Make use of the knowledge obtained earlier and apply it to the related problem.

More formally, transfer learning is the idea of overcoming the isolated learning paradigm and utilizing knowledge acquired for one task to solve related ones.

Idea behind

Let’s draw analogy to human learning:

  • Problem: company HumanLearning needs a person fluent in a new programming language called DeepScript.
  • Candidates: experienced programmer familiar with 6 other languages or graduate of non technical studies with no experience in programming.
  • Finding: it is much easier to adapt already gained knowledge to slightly different problems than learn from scratch.

And that is exactly the idea of transfer learning: we use models pretrained on huge datasets from one domain to solve the related problems in the similar area.

Image for post
Image for post
Use already gained knowledge for quick adaptation.

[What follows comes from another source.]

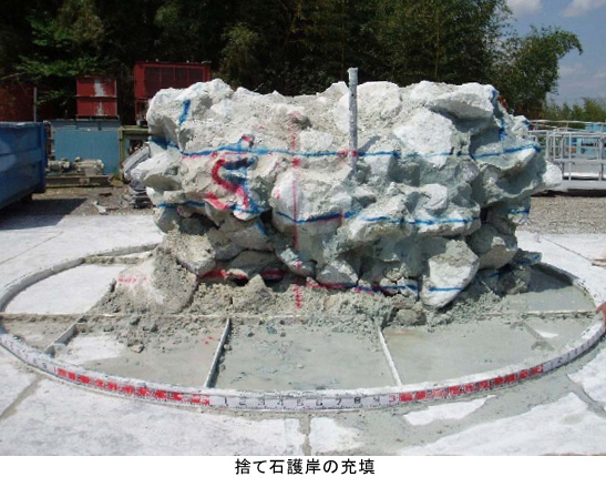 近年では捨石からなる護岸マウンドの間隙を充填して耐震補強を行う利用方法についても、実物の実験を行い、意図した範囲に充填できることを確認しています。
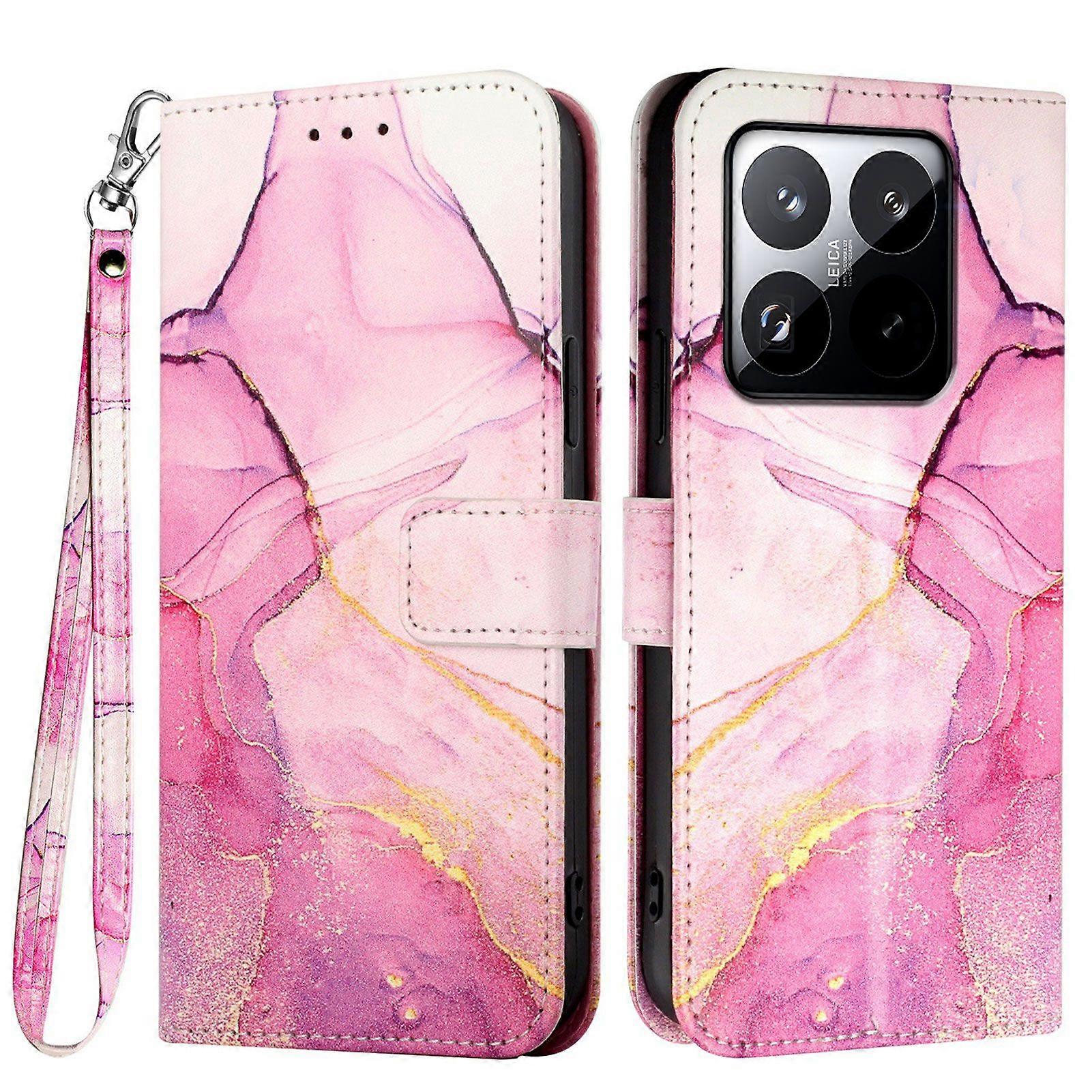For Xiaomi 15T Case with Strap Marble Pattern Leather Phone Cover Card Holder

The most common approach in computer vision field is to employ powerful, very deep convolutional neural nets pretrained on ImageNet. The latter is enormous dataset consisted of ~1.2M images from 1000 different classes. As the best performing models are made of hundreds of millions parameters (current leader FixEfficientNet-L2 consists of 480M parameters), their training process takes a few days or even weeks, while raising the bill up to thousands of dollars. Fortunately, most of the top pretrained models are available either in the most popular frameworks like PyTorch, Tensorflow or can be downloaded from the public Git repositories. For instance, you should definitely take a look at below repository as it contains up-to-date models which can be easily implemented in any project.

How does it work?

Image for post
Image for post
Transfer learning scheme.

Model used for transfer learning is usually called the backbone model. During the adaptation procedure, the top layers, so called classifier head, are replaced with the randomly initialized layers of the dimension corresponding to the number of classes from a new dataset. Whereas the earlier layers of a backbone contain more generic features (e.g. edge or color blob detectors), the latter are progressively more specific to the details of the classes.

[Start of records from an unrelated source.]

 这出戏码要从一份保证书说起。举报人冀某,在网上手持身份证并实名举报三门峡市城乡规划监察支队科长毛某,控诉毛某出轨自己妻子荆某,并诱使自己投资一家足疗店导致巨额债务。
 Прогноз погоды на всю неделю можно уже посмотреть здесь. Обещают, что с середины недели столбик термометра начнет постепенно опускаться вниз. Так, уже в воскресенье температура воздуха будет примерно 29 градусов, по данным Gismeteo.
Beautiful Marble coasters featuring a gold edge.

Thus, the classifier head is often trained alone with the frozen bottom layers. This approach is common if the dataset does not have many samples in order to prevent overfitting. We may try to fine-tune all the backbone’s layers from the beginning as well. As it happens in most of the deep learning problems, there is no certain way of training the model — it is the matter of experimentation. As a wise man once said…

There is no such thing as a free lunch.

When to use transfer learning?

Transfer learning is an optimization, a shortcut to saving time or getting better performance. In general, it is not obvious that there will be a benefit to using transfer learning in the domain until the model has been developed and evaluated.

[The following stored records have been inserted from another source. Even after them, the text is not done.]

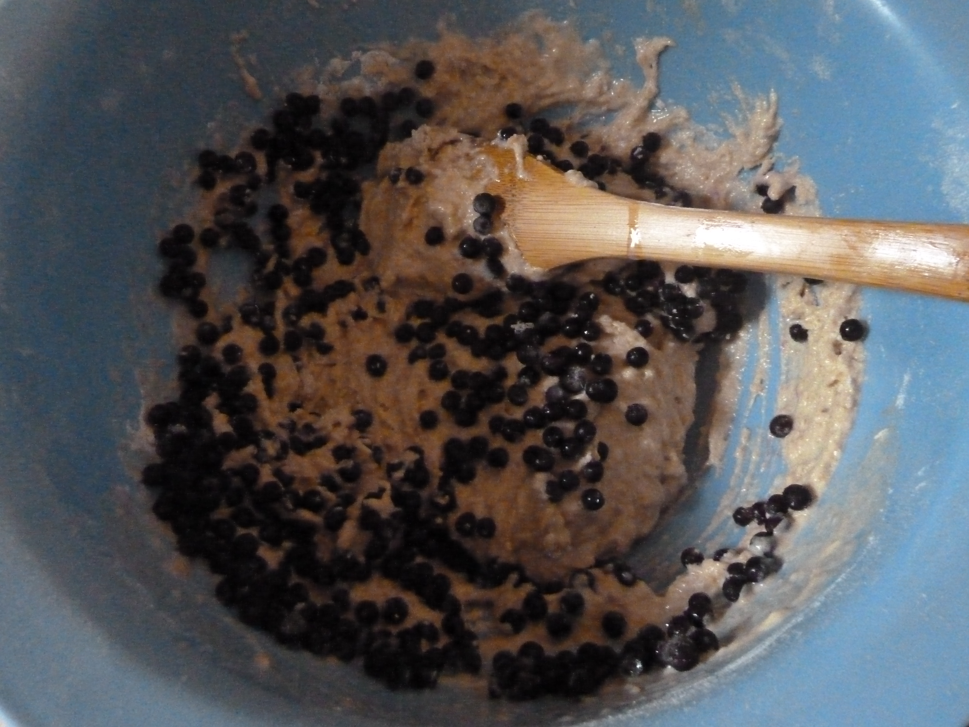 Stir the wet ingredients into the dry, then stir in 1 cup elderberries, frozen or fresh.
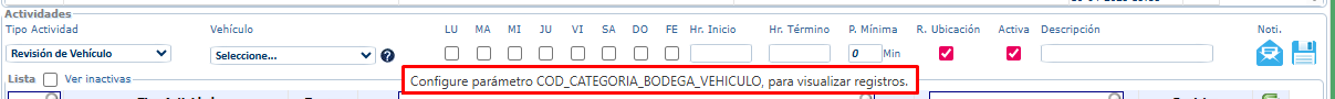Para ello, en primera instancia será necesario tener creada una categoría en bodega asociada a vehículos, la cual deberá a su vez configurarse en el parámetro COD_CATEGORIA_BODEGA_VEHICULO, para que estos sean visibles en este listado de vehículos.
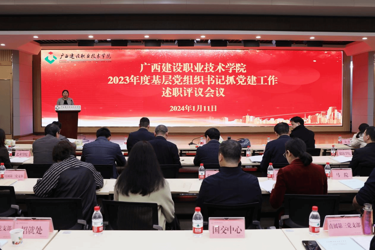 廣西建院1月13日訊(文/黨委宣傳部 韋植巍 圖/記者團 唐元庭)1月11日下午,我校2023年度基層黨組織書記抓黨建工作述職評議會在四教二樓報告廳召開,學校領導,各二級學院黨政主要負責人,各部門主要負責人,各二級黨組織書記、專職組織員,廣西建筑科學研究設計院、廣西城鄉規劃設計院、廣西城建咨詢設計有限公司黨政主要負責人及黨辦主任參加會議。學校黨委書記劉曉紅主持會議并講話。會議現場述職評議會上,17個二級黨組織書記分別對照“...

There are 3 possible benefits to look for when using transfer learning:

  1. Higher start. The initial skill (before refining the model) on the source model is higher than it otherwise would be.
  2. Higher slope. The rate of improvement of skill during training of the source model is steeper than it otherwise would be.
  3. Higher asymptote. The converged skill of the trained model is better than it otherwise would be.
Image for post
Image for post
Benefits of transfer learning.

Ideally, you would see all three benefits from a successful application of transfer learning.

Experiments on benchmark dataset

Recently, with my colleagues at Yosh, we performed experiments on StanfordCars dataset. It is popular benchmark for transfer learning problems as it is consists of ~16k images from 196 classes of cars. The data is split into 8144 training and 8041 testing images.

Image for post
Image for post
StanfordCars sample.

Firstly, we tried to apply EfficientNet-b3 as a backbone model for transfer learning. It is one of the smallest models in the family of EfficientNets, whose representatives hold leadership in many image classification tasks. However, we obtained very poor results of ~80.5% in comparison with the current state-of-the-art scores, which exceed 94% of accuracy. As usual, the devil is in the details. In order to achieve satisfying scores, a lot of different methods should be trialed.

Image for post
Image for post
Process of finding the right set of methods and hyperparameters.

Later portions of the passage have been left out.